18 de setembro de 2025

Carta 101 – Apressa-te a viver, caro Lucílio, imagina que cada dia é uma vida completa.

Por lucianakeiko@gmail.com

Cada dia, cada hora nos mostra até que ponto nós não somos nada e descobre sempre novos argumentos para chamar a atenção de quem se esquece da fragilidade humana, e faz planos para a eternidade, vendo-se de chofre coagido a pensar na morte. Já estás tu a perguntar-me onde é que eu pretendo chegar com este proémio!

Tu conhecias Cornélio Senecião, um cavaleiro romano brilhante e obsequioso que se fizera a si mesmo partindo quase do nada a ponto de ser previsível a prossecução de uma carreira auspiciosa, pois a dignidade social é mais fácil de continuar a aumentar que de iniciar a ascenção.

A riqueza igualmente tarda sobretudo a chegar às pessoas de nível modesto, mas desde que ultrapasse um pouco esse nível nunca mais pára. Senecião já estava à beira de se alçar a uma grande fortuna, meta a que o conduziam duas qualidades extremamente eficazes: habilidade para obter riqueza, talento para a conservar.

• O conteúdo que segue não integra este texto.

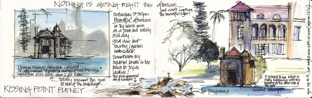 Well, I drew another sketch on Sheer Heaven paper when I got home and have stuck it over the top (on one side only)…so now I have an ‘interesting’ effect but can still lift it up to see and learn from the mistakes of the original.

Qualquer uma delas, aliás, bastaria para fazer dele um homem rico. Pois este homem de extrema parcimônia, tão escrupuloso na administração dos bens como nos cuidados com a saúde, depois de me ter visitado pela manhã conforme era costume, depois de ter passado o dia inteiro até à noite à cabeceira de um amigo doente e sem esperança de recuperação, depois de ter jantado com boa disposição – foi atacado por um tipo de doença galopante, uma angina, e só com grande dificuldade conseguiu respirar até ao dia seguinte, com a garganta apanhada.

No espaço de pouquíssimas horas, depois de ter desempenhado todos os deveres de um homem de perfeita saúde, caiu morto! Um homem que possuía bens de fortuna em terra e no mar, que enveredou pela administração pública para não deixar por experimentar alguma forma de obter proveitos, foi arrebatado desta vida no próprio momento em que tudo lhe corria bem e os bens pecuniários se acumulavam sobre ele.

“Enxerta agora, Melibeu, as pereiras, dispõe em fila as vides !” ‘ Vergílio, Buc., I, 73.

Como é estúpido fazer planos para uma longa vida quando não se é sequer senhor do dia seguinte! Como são insensatos todos quantos formulam esperanças a longo prazo: hei-de comprar, hei-de construir, hei-de emprestar dinheiro e cobrá-lo com juros, hei-de fazer carreira na política – e logo me guardarei para a vida privada quando estiver velho, mas bem provido de meios! …

Podes crer no que te digo: mesmo os favorecidos da fortuna carecem de segurança. Ninguém deve fazer projetos para o futuro, pois mesmo o que nós seguramos nos escapa das mãos, mesmo a hora que vivemos qualquer acaso a interrompe.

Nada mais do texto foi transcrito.